Sarina Bolden and Quinley Quezada scored the goals and emerged as the heroines of the squad that matched the bronze medal finish of the men’s team in the 1991 Manila Games.

Rep. Abraham “Bambol” Tolentino, the POC president, expressed the hope that other athletes would deliver in other fronts on the final day of action Sunday, among them boxers Eumir Marcial, Irish Magno, Rogen Ladon and Ian Clark Bautista.

“We’re in the thick of the race for fourth and that’s commendable in the light of decisions in sports disciplines where judging has been controversial,” Tolentino said, referring to stunning defeats in non-measurable disciplines like boxing, taekwondo, dancesport, karate, pencak silat, and wushu, among others.

“But we’re confident we can pull through. I have faith in our athletes,” he added.

PSC Chairman William “Butch” Ramirez, meanwhile, reiterated his call to sports leaders and the public alike to look at the bigger picture, saying the stint of the Pinoys here is part of the country’s build-up for bigger competitions like the Asian Games and Olympics.  

“Let us not make any judgments or criticisms of our athletes who are still competing in Vietnam. Let us not discourage them and continue to support them all the way,” Ramirez said.

“We will continue to pray for their safety and health, whatever their performance.
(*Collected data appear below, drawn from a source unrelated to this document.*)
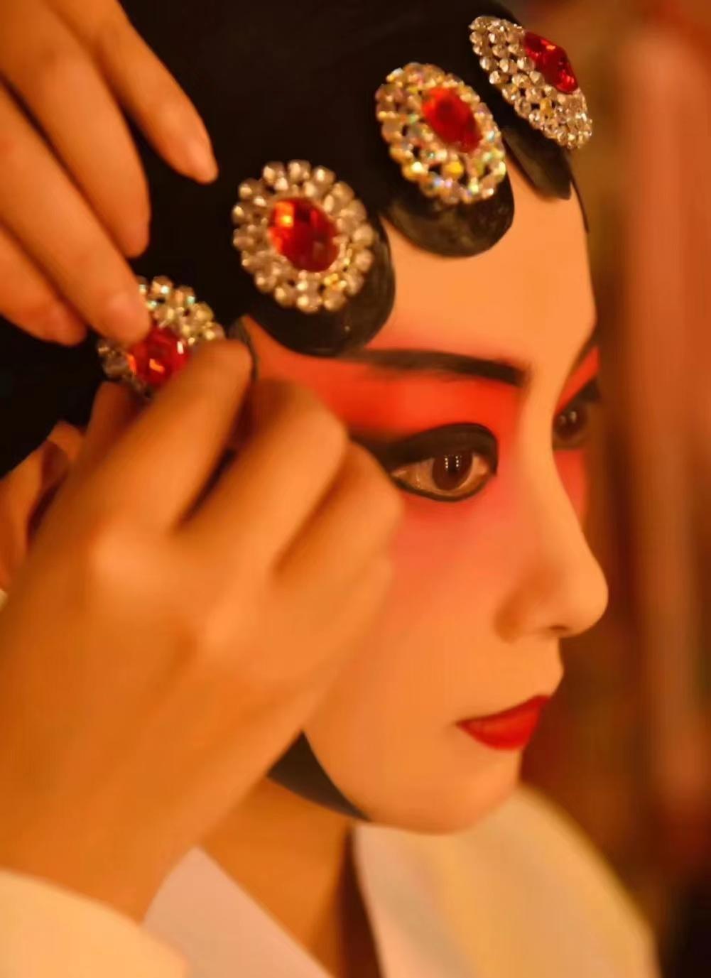俗称打粉底、拍彩,青衣扮相通常会用嫩肉色的油彩打底色,目的是纠正脸色。
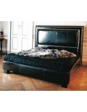 Plywood panel frame. Feet in plywood panel covered in same leather as bed. Differentiated density polyurethane foam filling. Available with studs in antiqued metal or with leather buttons.
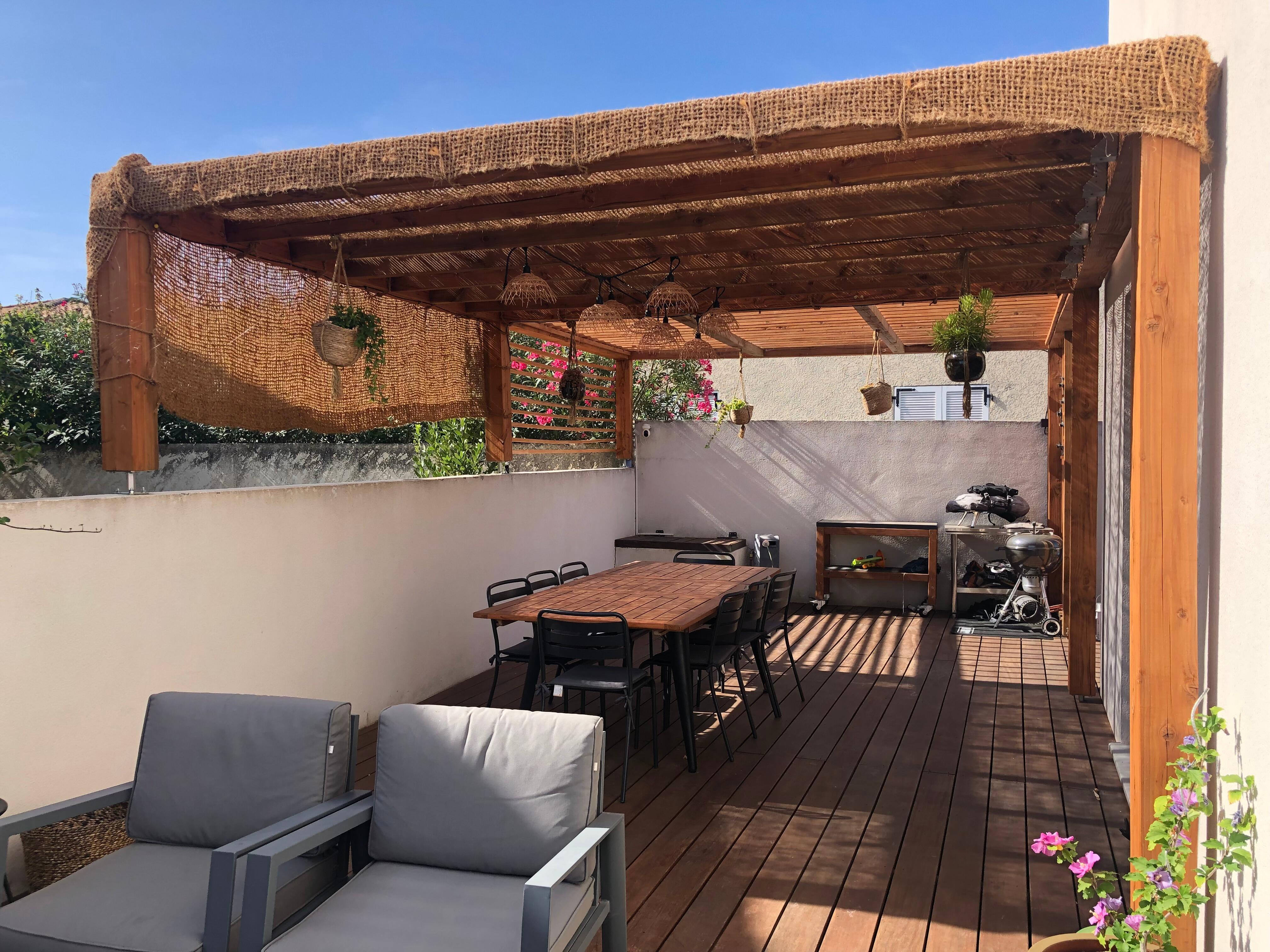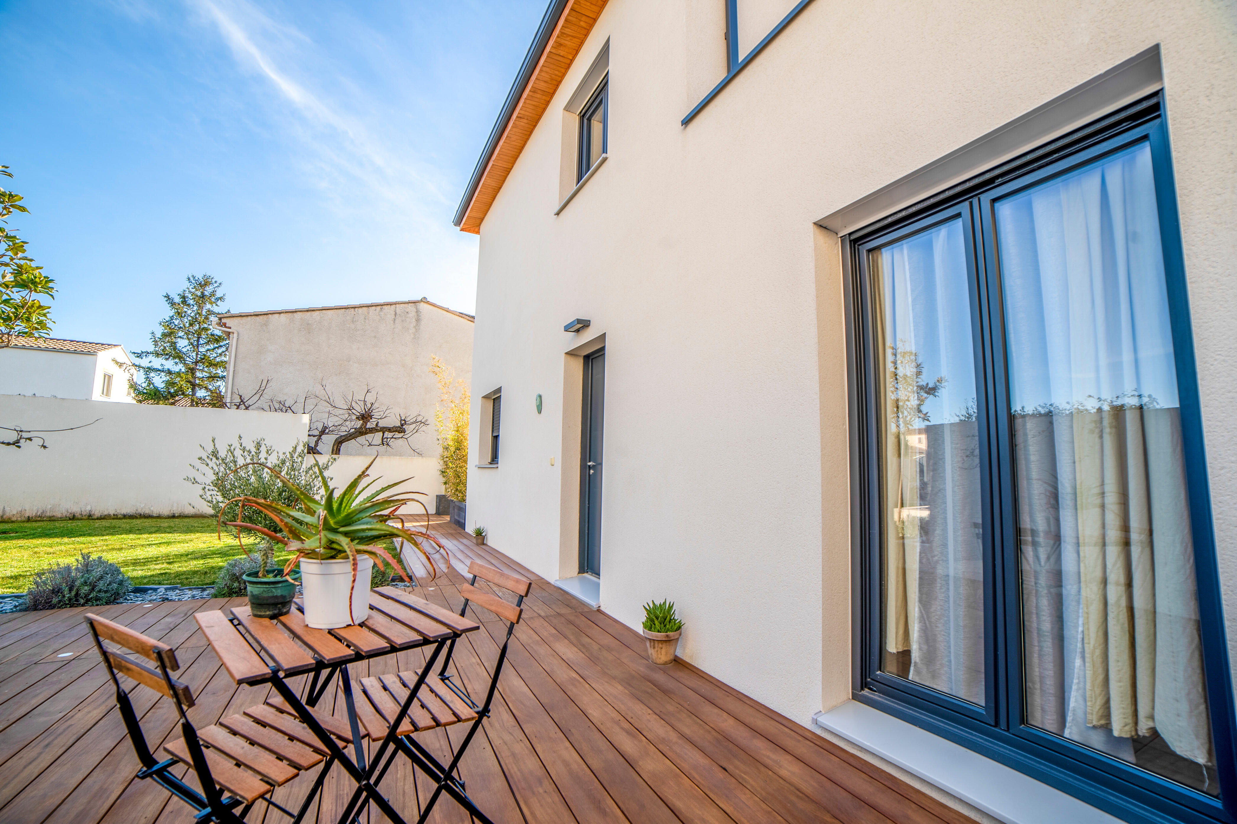 L'espace de vie, organisé en longueur, sépare distinguement la cuisine, la salle à manger et le salon. Chacun de ces espaces s'ouvre sur la terrasse en IPE et la pergola, que le client a fait ajouter plus tard. La suite parentale de 18m² avec dressing et une salle de bain privative est située au rez-de-chaussée.

We are very happy and proud of our athletes and coaches who fought hard for our country and people,” he stressed.

The country is also assured of two gold medals in basketball after the men’s and women’s squads beat Malaysia, 87-44, and Singapore, 88-61, respectively, to move within one more win of retaining the crowns.

The country’s worst finish since it started participating in the biennial games in 1977 in Malaysia was seventh in the 2013 games in Myanmar where Filipino athletes had a dismal haul of 29 gold, 34 silver and 37 medals.

The country also finished sixth overall four times—in the 2007 Thailand, 2011 Indonesia, 2015 Singapore and 2017 Malaysia Games—and fifth in the 1989 Kuala Lumpur, 1999 Brunei, 2001 Kuala Lumpur and 2009 Laos Games.

Huey and Gonzales delivered the first gold medal for the day, beating fellow Pinoys Jeson Patrombon and Francis Casey Alcantara 6-1, 6-4 in a rematch of their finals duel in 2019.

The golden win was the first for the tennis contingent here, along with the silver of Patrombon and Alcantara and bronze medals from Alex Eala in women’s singles,  

It was the first gold medal of the Filipinos in tennis in these games, to go with the silver of Patrombon and Alcantara and four bronze medals courtesy of Alex Eala in women’s singles, mixed doubles (Huey and Eala), men’s (Huey, Patrombon and Eric Olivarez Jr.) and women’s team (Eala, Marian Jade Capadocia, Shaira Hope Rivera, and Jenaila Rose Prulla) event. Billiards followed suit, with Amit beating Chezka Centeo 7-5 and Biado prevailing over Johann Chua 9-3.